(The problem):
Without any pictures, print exactly the lines that run from the start of the data through the line containing "坚持产能优化,募资切合发展路".

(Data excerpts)

◇ ◇ ◇ ◇

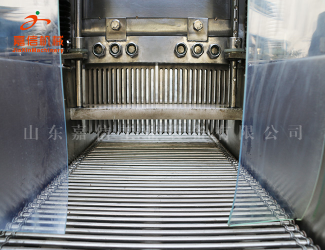 本機(jī)采用不銹鋼材料制作,設(shè)計(jì)合理。送肉鏈條可全盤(pán)托出,清洗方便,針頭排列為單針單管,設(shè)有自動(dòng)保護(hù)裝置,當(dāng)注射針頭碰到硬物時(shí),注射針自動(dòng)彈起,不受損壞,真正達(dá)到了注射的肉無(wú)死角。
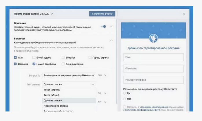 В рекламной форме ВКонтакте были поля с выбором (например, тип квартиры – однокомнатная, двухкомнатная и т. д.).
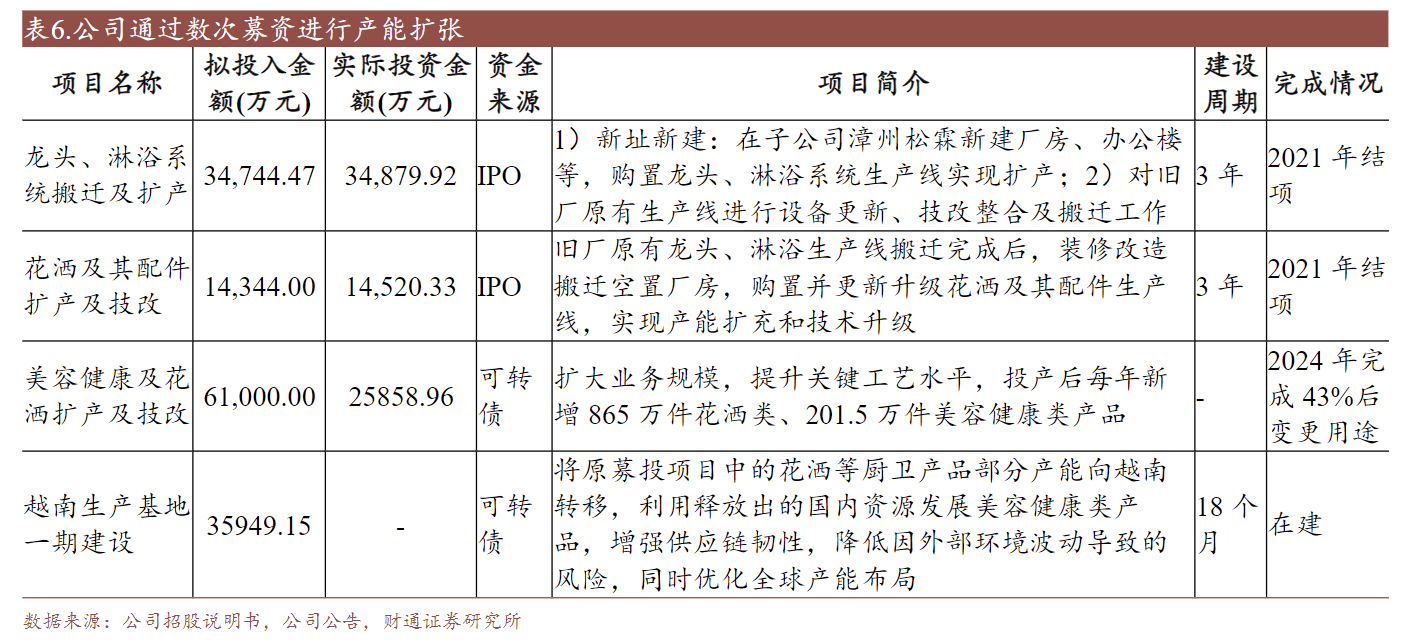 坚持产能优化,募资切合发展路径。公司拥有厦门海沧区和漳州长泰区两大生产基地,越南基地在建。20228月,公司发行可转债募集资金6.1亿元,用于美容健康及花洒扩产及技改项目,达产后公司每年将新增865万件花洒类、201.5万件美容健康类产品,产能得到大幅提升。
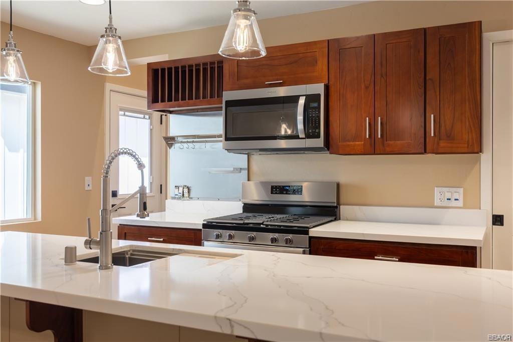 This home has been completely remodeled and finished in May 2025 - Like New Construction. This fully reimagined home is sure to impress. Renovated from the ground up, its effective year is now 2025, offering the quality and feel of new construction. Every detail has been thoughtfully reconstructed, including new framing, insulation, raised perimeter foundation, exterior siding, roof, interior walls, electrical, and plumbing--everything is brand new. Inside, the 1,244 sq ft layout showcases a stylish open-concept living and dining area, accented by luxury vinyl plank flooring, quartz countertops, and stainless steel appliances. The home features two spacious bedroom suites, each designed for comfort and privacy. The main-level suite includes dual access to the primary bathroom from both the hallway and the bedroom, along with a walk-in shower. The second suite, located on the upper level, offers a private retreat. Enjoy outdoor living year-round with a south-facing covered front deck, great for morning coffee, and a rear deck accessible from the lower suite's sliding glass door, offering breathtaking views of Gold Mountain.
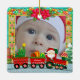 Capture a treasured moment with this adorable photo Christmas ornament! Featuring a charming North Pole Express train carrying Santa, gifts, and a festive Christmas tree, this design provides a perfect, colorful frame for your favorite baby, child, or family photo.
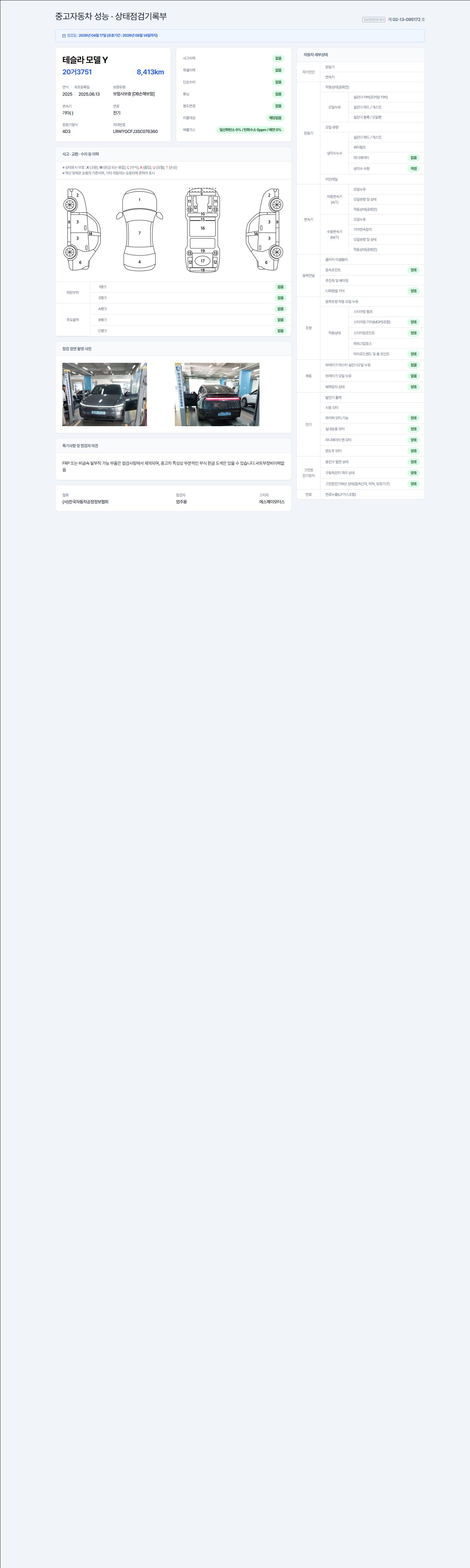 | 주행거리 | 8,413 km | 차량번호 | 20거3751 | 사고유무 | 성능기록부 참조 | 제시번호 | 제 2026071111 호 |
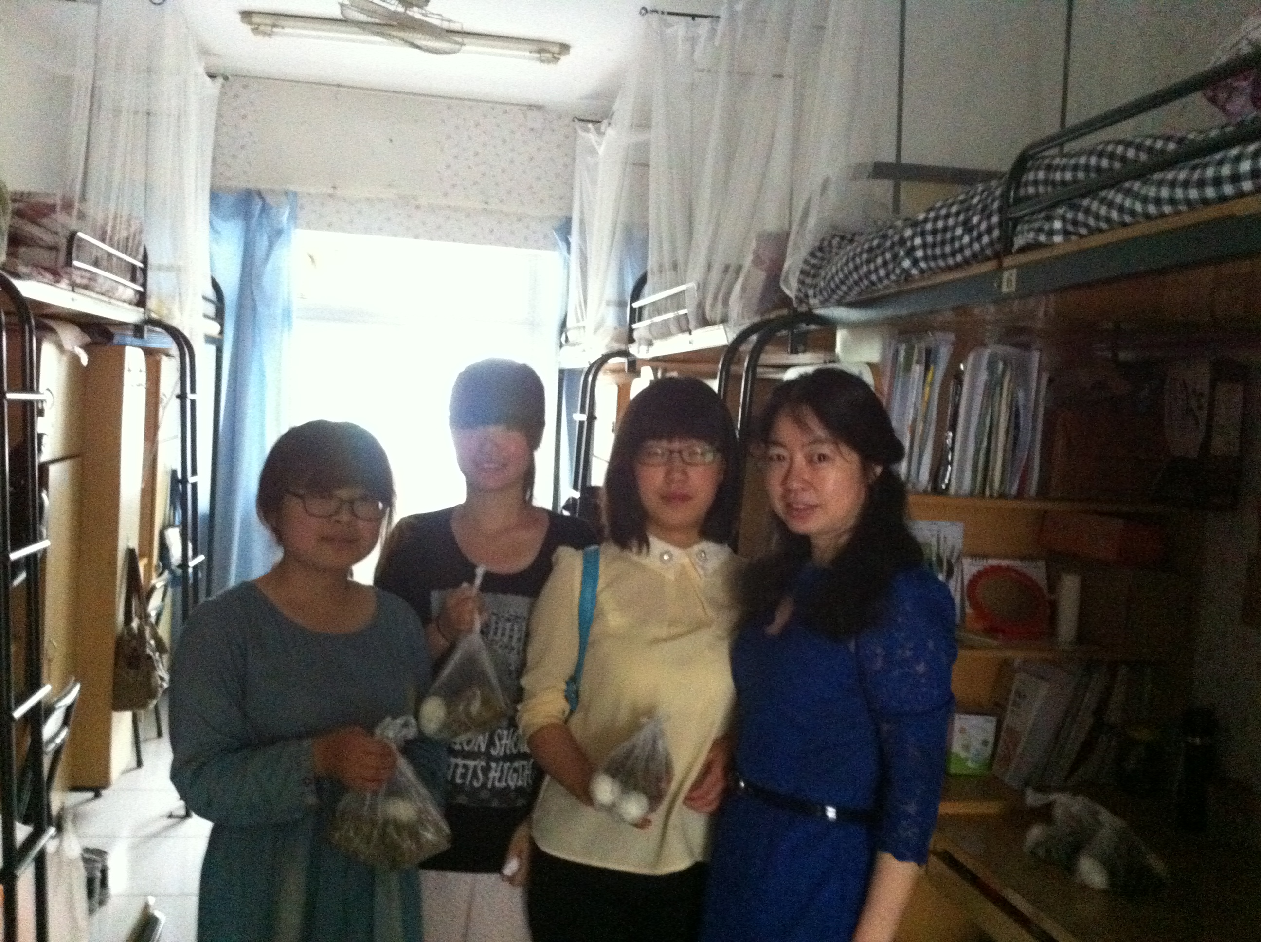 5月30日中午,在绵绵细雨中,郑信军、潘玉进、孙芙蓉、彭小明、嵇小怡等学院领导,各班班主任以及学生科辅导员来到溯初学区把香味十足的粽子和鸭蛋亲手送到同学们手中。象征着美好祝福的神奇糯米粽,寄托着学院对每一位学子浓浓的深情和祝福。接过节日礼物的同学脸上尽是喜悦,心里满是温暖。走访寝室过程中,每到一个寝室,老师们都会关心地询问学生的近况,了解学生的实际困难,关注毕业生的毕业去向;同学们也会主动跟老师们聊学习,聊生活,聊就业,师生其乐融融。经过一个多小时的走访,学院把热乎乎的端午节礼物送到每一位教育学子手里,让浓浓粽香飘进了学生寝室,也把学院对学生的暖暖关怀传递到了大家心里。
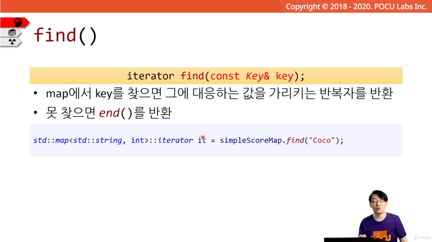 맵에서 특정 key 값을 가지고 그에 대응하는 value를 찾기 위해서 사용하는 메서드가 find() 메서드이다. 만약 찾지 못하면 end()를 반환한다.
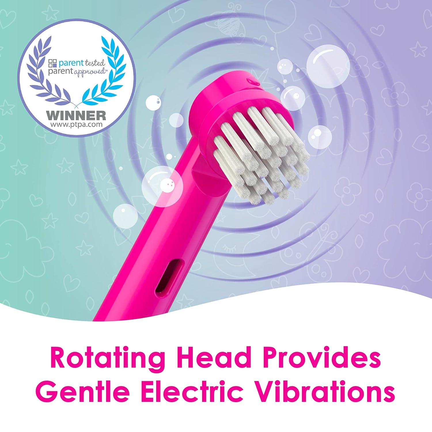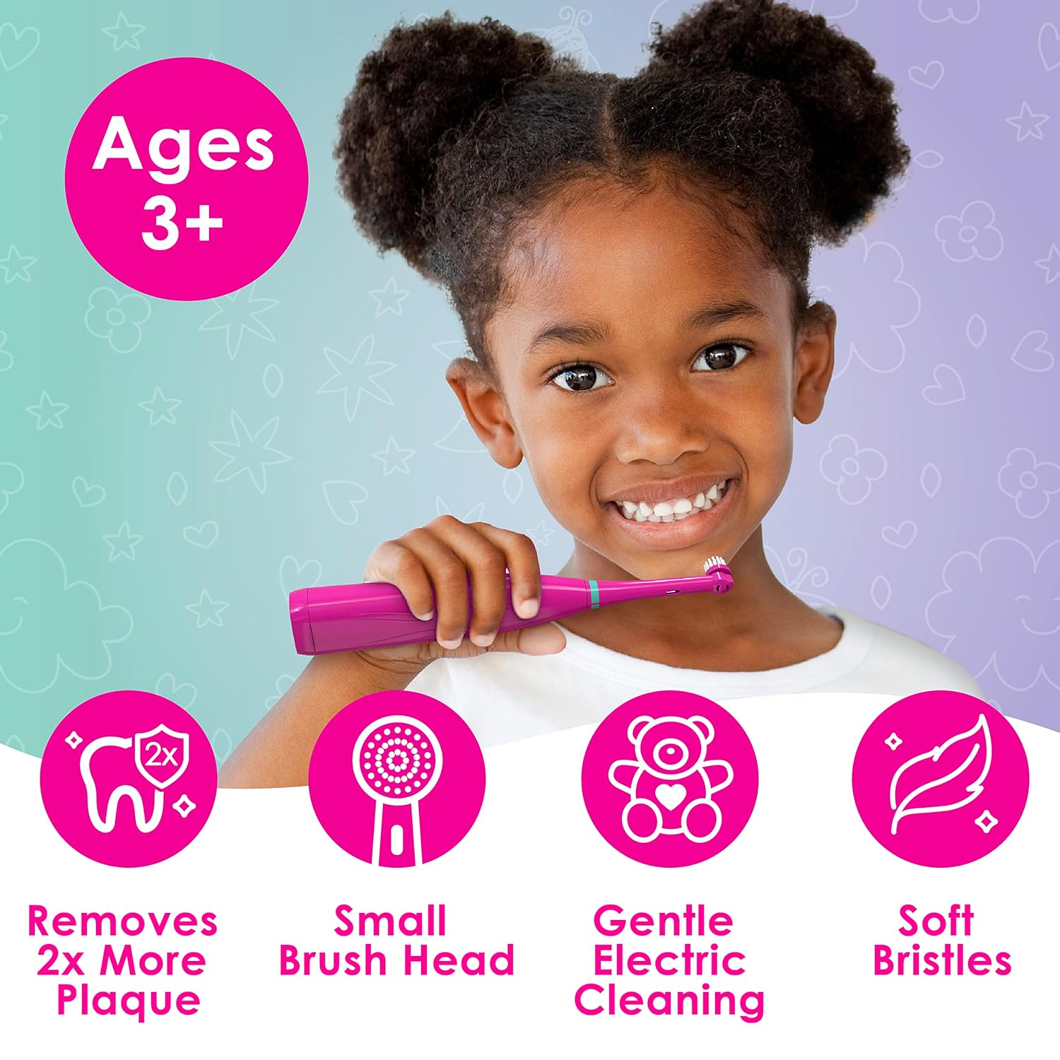 YOUR KIDS NEW FAVORITE TOOTHBRUSH: Make brushing fun with this cute and colorful, animal-themed electric toothbrush for kids that’s designed for brushers ages 3+ to promote healthy oral hygiene!EFFECTIVE AT REMOVING PLAQUE: Soft, high-quality bristles provide gentle vibration that removes 2x more plaque than a manual toothbrush. Plus, each Brusheez toothbrush comes with a replacement brush head to replace every 3 months, so you can keep their toothbrush dry and ensure that the bristles stay durable and effective!CERTIFIED KIDS SAFE: Our Brusheez kids electric toothbrush is a Parent Tested, Parent Approved award winner, completely BPA-free, and is certified safe for kids!TRACK YOUR CHILD’S PROGRESS: What child doesn’t love getting a gold star Using the free brushing checklist included with this set, your child can earn 2 stars per day by remembering to brush morning and nightWHAT YOU GET: Battery-powered children’s toothbrush, animal-themed brush cover, replacement brush head, rinse cup, 2-minute sand timer, stand, user manual, printed brushing chart, and industry-leading 5 Year WarrantyBrusheez® Kids’ Electric Toothbrush Set - Safe & Effective for Ages 3+ - Parent Tested & Approved with Gentle Bristles, 2 Brush Heads, Rinse Cup, 2-Minute Timer, & Storage Base (Prancy The Pony)
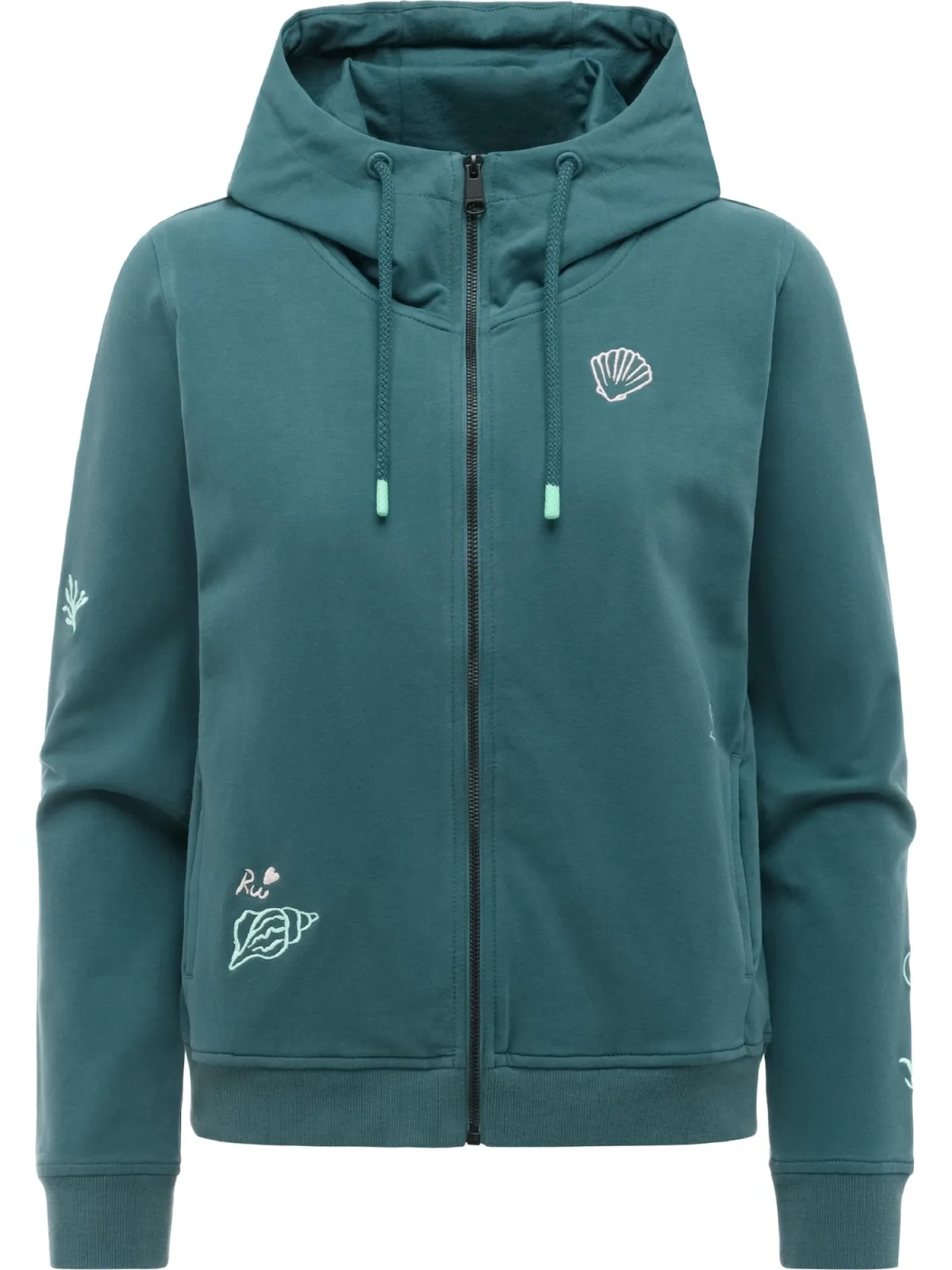 Design: Geribd ceintuurtje, Zakken aan de zijkant; Type sluiting: Ritssluiting; Materiaal: Sweatstof; Halstype: Capuchon; Details: Borduursels; Extra's: Voelt zacht aan; Pasvorm: Normale pasvorm; Armlengte: Lange mouw; Lengte: Normale lengte

◇ ◇ ◇ ◇

(Response to the exercise):
 本機(jī)采用不銹鋼材料制作,設(shè)計(jì)合理。送肉鏈條可全盤(pán)托出,清洗方便,針頭排列為單針單管,設(shè)有自動(dòng)保護(hù)裝置,當(dāng)注射針頭碰到硬物時(shí),注射針自動(dòng)彈起,不受損壞,真正達(dá)到了注射的肉無(wú)死角。
 В рекламной форме ВКонтакте были поля с выбором (например, тип квартиры – однокомнатная, двухкомнатная и т. д.).
 坚持产能优化,募资切合发展路径。公司拥有厦门海沧区和漳州长泰区两大生产基地,越南基地在建。20228月,公司发行可转债募集资金6.1亿元,用于美容健康及花洒扩产及技改项目,达产后公司每年将新增865万件花洒类、201.5万件美容健康类产品,产能得到大幅提升。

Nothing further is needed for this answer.